She shakes her head. ‘Nothing, darling. I'm just tired.'

‘You knew,' I say.

‘Knew what?'

‘That Ben wanted to fly.'

‘But of course I knew,' she says, then realises: ‘You didn't?'

‘He was two months away from finishing his degree.'

‘Ben was extraordinary,' she says. ‘He wanted to live an extraordinary life.'

‘You encouraged him to go.'

‘Yes, I did.'

‘How could you?'

‘How could I not? Ben was…he was the light of my life.' She reaches for a serviette. ‘He was exceptional,' she says and blows her nose, ‘but you couldn't see it, David, you just couldn't see it. You wanted him to be like you.'

I get up from the table and reach for my coat. ‘I'll see myself out,' I say.
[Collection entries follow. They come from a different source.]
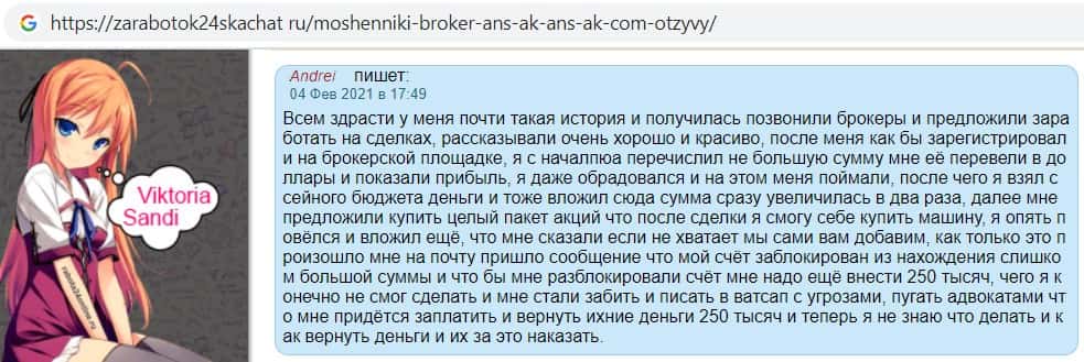 Очередной пользователь написал, что сотрудничал с компанией Ans Ak некоторое время и инвестировал средства, но затем фирма заблокировала счёт и стала требовать 250000 рублей.
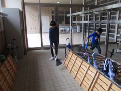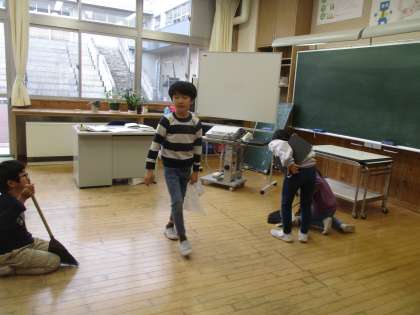 今日は5,6年生が校外学習のため、3,4年生が中心となって清掃の時間に取り組みました。教室から話し声が聞こえると、「話さないように取り組みましょう」と声をかけています。反省会もしっかり行いました。
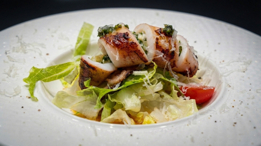 【小卷・燒烤紅甜椒醬・羅美・阿根廷青醬・切達起司】鐵板高溫鎖住小卷鮮甜,搭配燒烤紅甜椒醬與清爽的阿根廷青醬,香草的氣味既明亮又百搭,切達起司則讓口感更加圓潤。
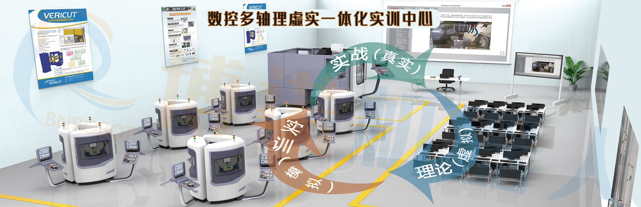 数控五轴模拟训练机包含模拟机主机、海德汉TNC640、iTNC530和西门子Sinumerik840D多数控系统、数字化虚拟机床、液晶显示面板、嵌入式控制系统和工业级Vericut数控多轴仿真软件等部分。可通过数控系统硬件操作面板进行真实编程、操作和驱动数字化虚拟机床,模拟真实机床进行虚拟切削,完全真实模拟数控五轴机床的安全仿真、操作与实际加工过程。
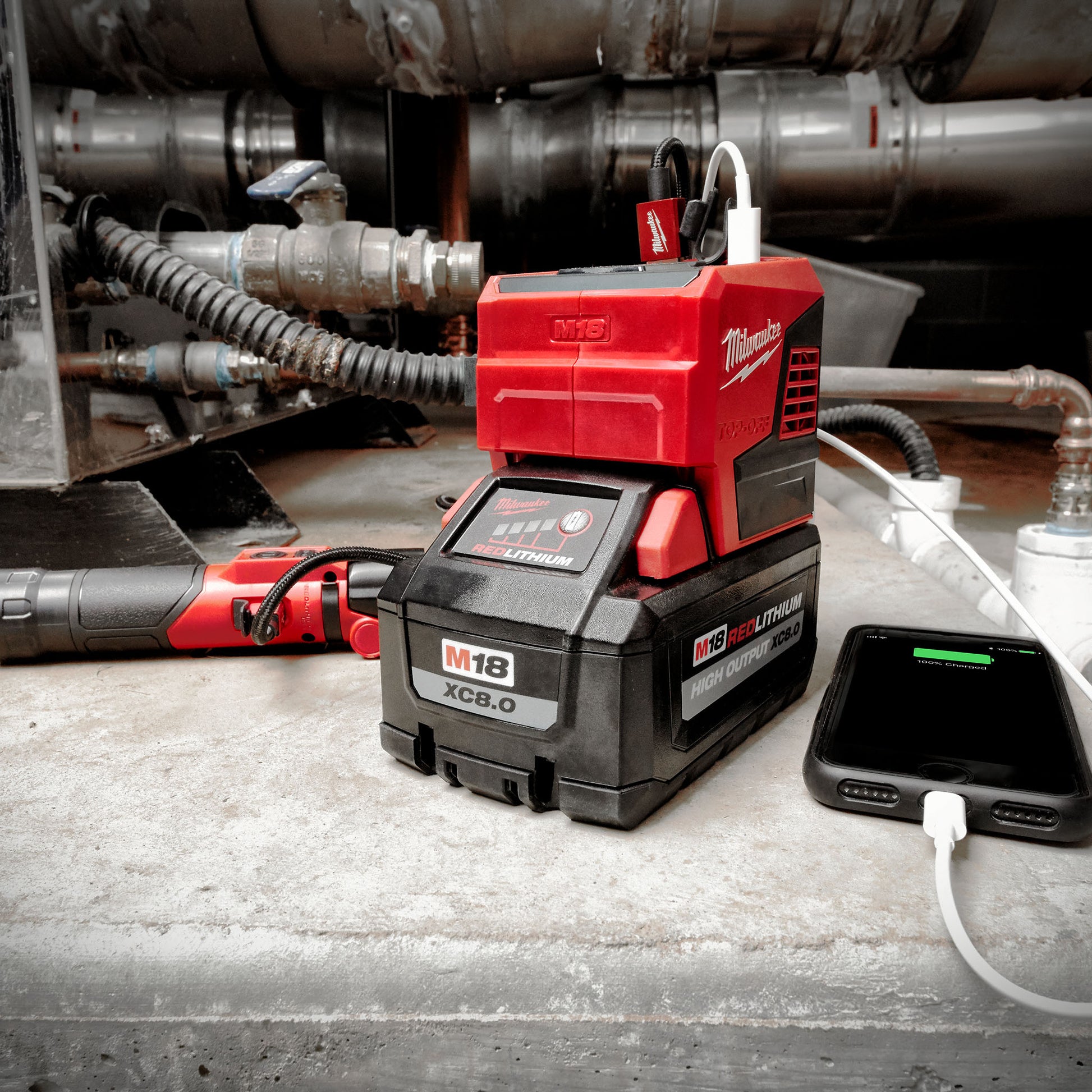 The Milwaukee M18™ TOP-OFF™ 175W Power Supply delivers faster simultaneous power to personal devices and small electronics. Attach any M18™ battery to provide continuous power or recharge devices with (1) AC 120V outlet, (1) USB-C PD port, and (1) USB-A port. You can quickly charge up to three devices at the same time, without the barriers of speed throttling. With the USB-C PD port (45W), this battery inverter is capable of recharging devices, from a fully depleted state to 80% capacity, up to 75% faster than conventional wall chargers (5W). The MILWAUKEE® compact portable power supply has an attached metal rafter hook that can be extended to hang it from carts, lumber, or other jobsite materials when worksurface space is limited. You can instantly set up a mobile workstation or keep electronics securely within eyeshot, rather than making frequent trips to a wall outlet.
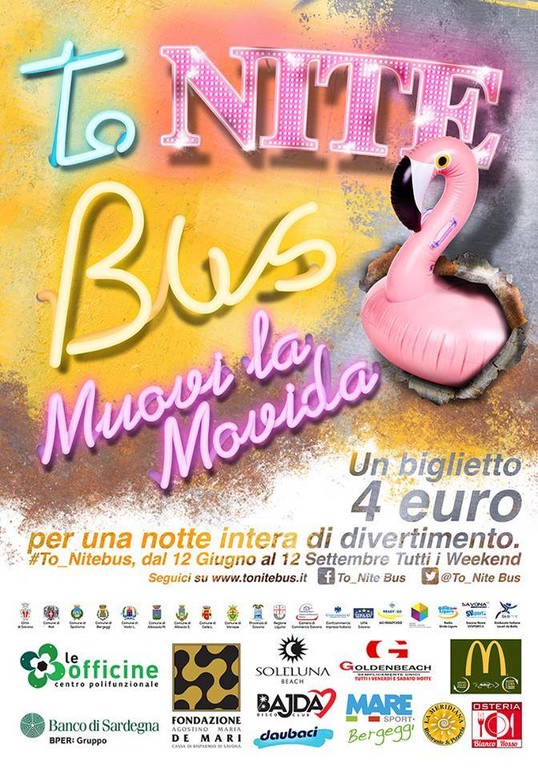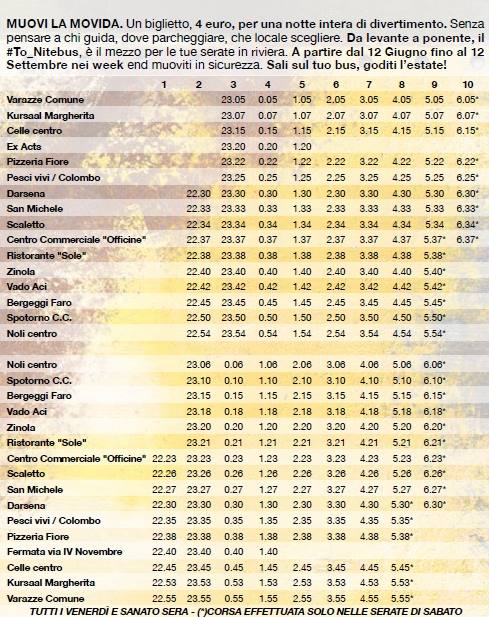 Dopo il successo dello scorso anno, ritorna, esteso nel tempo e potenziato nella promozione, il To_Nite Bus, il servizio serale di bus a biglietto unico alla tariffa di 4 euro, andata e ritorno, che, per soli 4 euro, consente di viaggiare e spostarsi in sicurezza al venerdì e al sabato, sul tratto di costa compreso tra Noli e Varazze.

She grabs my arm. ‘David, stay. I didn't mean…' She stops mid-sentence, then says, ‘Are you going?'

I don't bother to answer.

‘David.' She follows me down the hallway.

I walk out the front door without saying goodbye. My heart is pounding. I can't even stand looking at her.

Then she calls out, ‘Bring Ben next time.'

I turn. ‘What?'

She looks confused. ‘I didn't say anything.'

I walk back towards her. ‘You asked me to bring Ben next time.'

‘Have you gone mad? Why would I do that?'

‘Mum,' I say and touch her arm. ‘You need to see a doctor.'

Before I know what's happening she lashes out and scratches my face, and I react without thinking. I slap her hard on the cheek, very hard, and she stumbles backwards and only doesn't fall because I reach out to grab her. She stares at me, the skin on her cheek a defiant pink.

‘Mum,' I say.

‘Go.' She wrestles out of my grip. ‘You need to go.'

‘I'm sorry.'

She turns away from me and walks down the hallway.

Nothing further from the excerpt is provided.